Not bad for such a simple algorithm.

Well done for completing the tutorial. Hope you liked it.

The following is the complete code of the application of the above model.

import numpy as np
import pandas as pd
from sklearn.preprocessing import normalize

# Extract input features from column 2 to 32
X = data.iloc[:, 2:]
# Extract diagnosis class column 1
Y = data.iloc[:, 1]

# Changing M to 1 and B to 0, for malignant and benign respectively
Y = (Y == 'M').astype(np.float64)

# Changing DataFrame to numpy arrays
X = X.values
Y = Y.values

# Changing shape of Y
Y = np.resize(Y, (Y.shape[0], 1))

# Normalize the data features
X = normalize(X, axis=0)

# More preprocessing, preaparing data to be fed to our model
X_train = X[:int(0.7*X.shape[0]), :].T
Y_train = Y[:int(0.7*Y.shape[0]), :].T
X_test = X[int(0.7*X.shape[0]):, :].T
Y_test = Y[int(0.7*Y.shape[0]):, :].T

# Let's run the model now!!!
model(X_train, Y_train, X_test, Y_test, print_cost=True)
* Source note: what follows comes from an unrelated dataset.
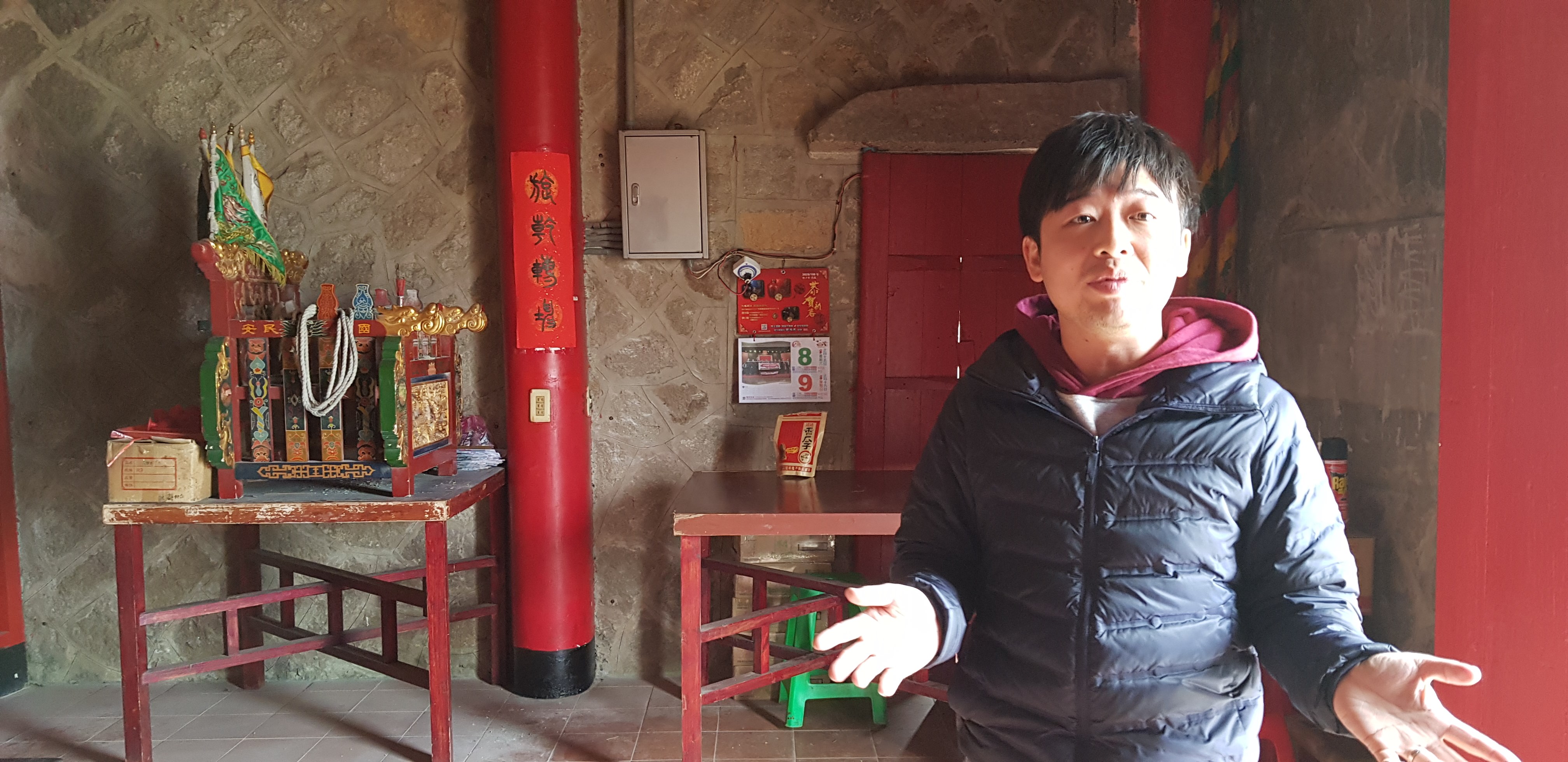 採訪當天,一下飛機先是抵達北竿芹壁村,大清早的,遠方就傳來鞭炮聲。當地人說,農曆正月近乎一整個月,處處都可聽到鞭炮聲,鞭炮聲環繞的每間廟宇,也著自己的獨特文化。

Things left for another day:

• Analysis of logistic regression.
• How to choose appropriate threshold for the logistic regression.
• Prevent overfitting and underfitting (Regularization, one of the methods).
• Why logistic regression performs poorly on data whose classes cannot be linearly separated.
• How to tweak logistic regression to support multiclass classification.
• After getting 95% test accuracy, why we need to experiment more to get accurate results (cross-validation).